As for the probability or risk of malignancy, it is estimated that 95% of endometrial polyps are benign. A review of 17 observational studies of more than 10,000 women showed that the incidence of malignant or hyperplastic polyps was higher in premenopausal women (5.4% vs. 1.7%) and in women with bleeding compared to those without bleeding (4.2% vs. 2.2%).

How are endometrial polyps diagnosed?

Ultrasound can be useful in the diagnosis of an endometrial polyp, either by direct visualization of the polyp and its vascularization with color Doppler ultrasound, or indirectly, by detecting an area of abnormal endometrial growth. Other techniques that can help are hysterosalpingography (radiography of the fallopian tubes) and sonohysterography or ultrasound with fluid infusion inside the uterus.

However, the gold standard diagnostic test for polyps is hysteroscopy, since it makes it possible to locate and confirm the lesion, evaluate the state of the endometrium and make an anatomopathological diagnosis by taking biopsies of the polyp and the endometrium, with a specificity and sensitivity of 95-100%. This test allows early diagnosis of diseases such as endometrial hyperplasia or different types of endometrial carcinoma.

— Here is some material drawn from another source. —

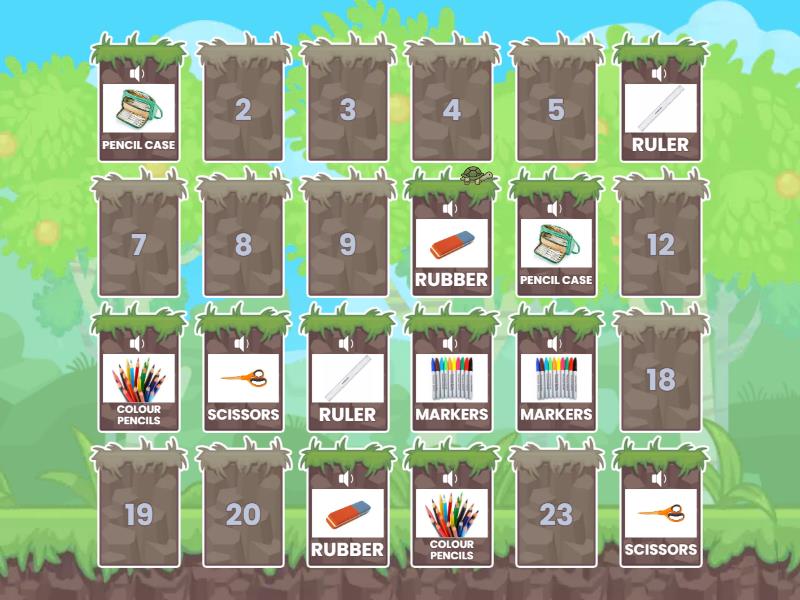 RUBBER, COLOUR PENCILS, MARKERS, SCISSORS, RULER, PENCIL CASE, GLUE, SHARPENER, PEN, SCHOOL BAG, BOOK, CRAYON,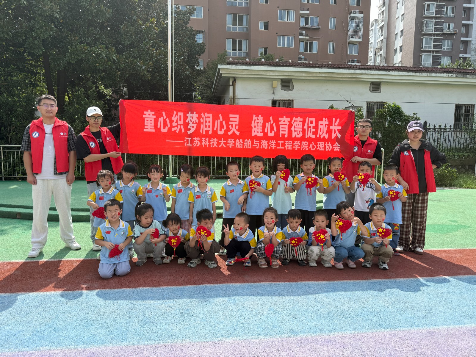 船海学院志愿者团队积极参与润州区青年活动,普及心理健康知识,倡议设立青年心理疏导驿站,推动心育与社会服务有机衔接。此外,志愿者走进红星桃花源幼儿园,以非遗手工为载体开展情感表达活动,引导幼儿增强心理韧性,志愿者也在公益实践中深化家国情怀,实现自我成长与社会贡献的统一。

Other techniques that preceded hysteroscopy, such as uterine curettage, left more than 10% of polyps undiagnosed. There is evidence that, in postmenopausal women with bleeding and thickened endometrium, and a negative blind endometrial biopsy (no hysteroscopic view), 3% of women were shown to have undiagnosed endometrial cancer, and 3% had endometrial hyperplasia with atypia in polyps.

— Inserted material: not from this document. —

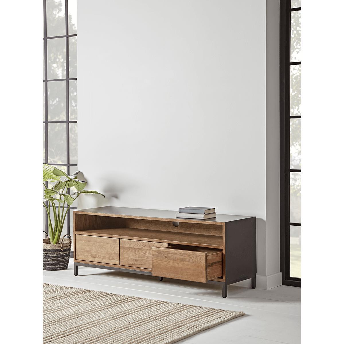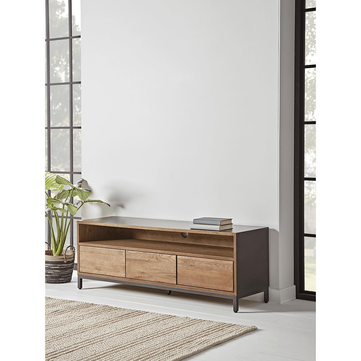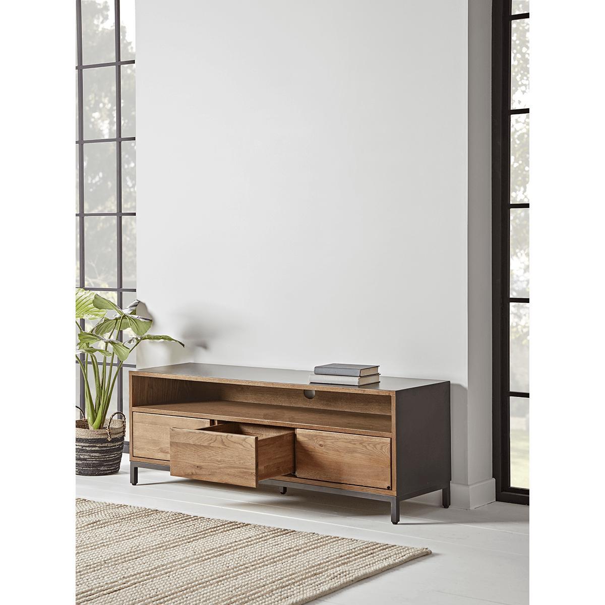 Full of modern loft-living style, the clean aesthetic of our range is most impactful, and it really showcases the natural rich tones of the oak. A black finished metal top and sides nod to industrial style, and a central shelf and three lower drawers provide ample space to store entertainment boxes, devices and DVDs out of view.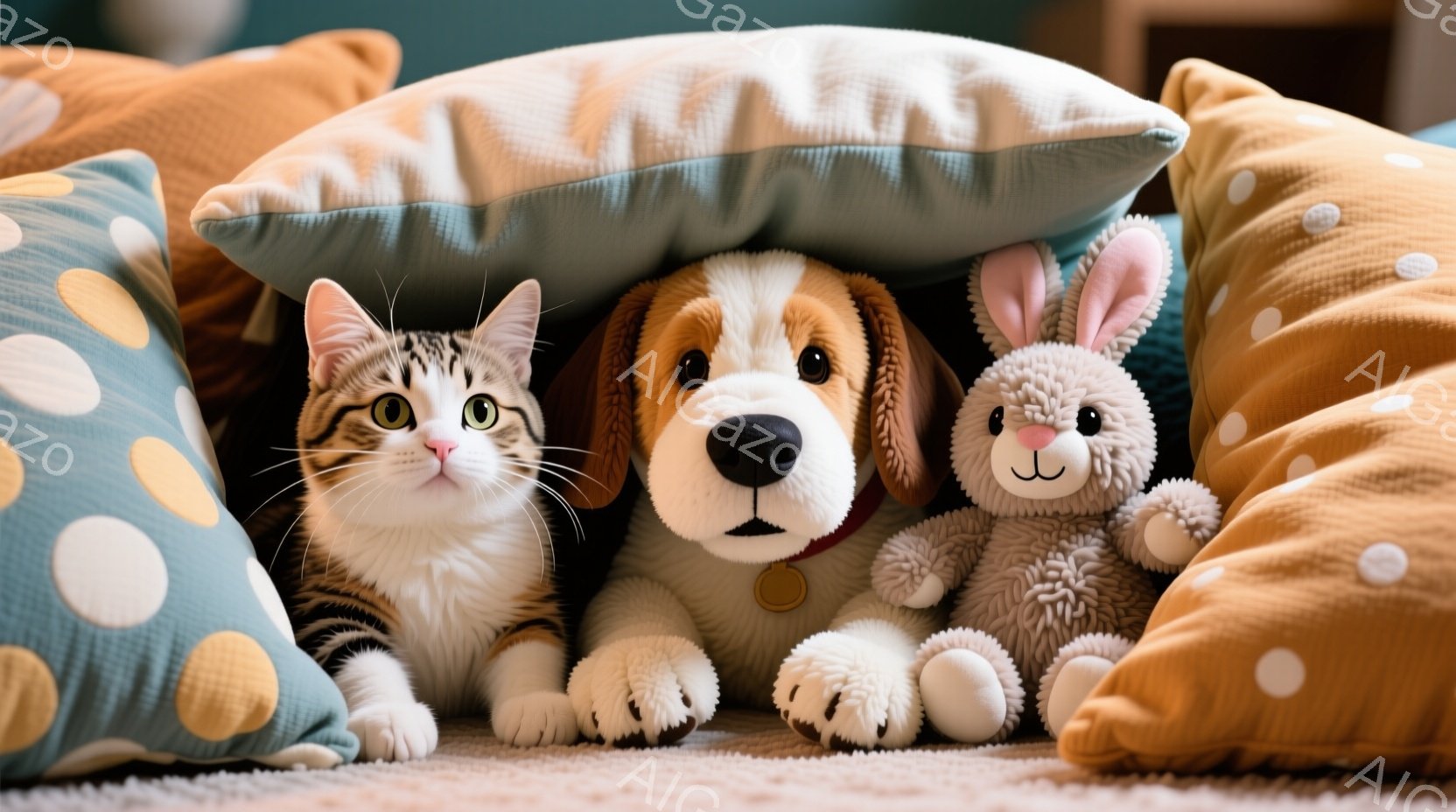 この無料AI生成画像「ハムスターとハリネズミが、赤、青、黄色で構成された筒状の容器の中にいます。ハムスターは明るい表情でカメラに向かって微笑み、ハリネズミは少し恥ずかしそうに微笑んでいます。背景には、さまざまなカラフルなおもちゃが見え、全体的に陽気で楽しい雰囲気が漂っています。」は、2025年10月22日に作成されました。 サイズは 1664×928px の高解像度で、商用利用も可能なフリー素材として提供しています。

How should an endometrial polyp be treated?

In general, the removal of any polyp that presents symptoms, that is to say, that causes some type of bleeding or infertility, is indicated.

In premenopausal patients, polyps are usually asymptomatic, of a functional type and less than 10mm. In these cases it may only be necessary to maintain an expectant attitude, doing ultrasound controls every 6 months to analyze their possible growth.

Post-surgical advice after the removal of endometrial polyps

Hysteroscopic polypectomy is a fairly simple technique that is usually performed on an outpatient basis. However, the patient may experience slight genital bleeding in the days following the procedure or mild discomfort, which usually subsides by taking anti-inflammatory drugs (NSAIDs). Most patients return to normal routine within a few days.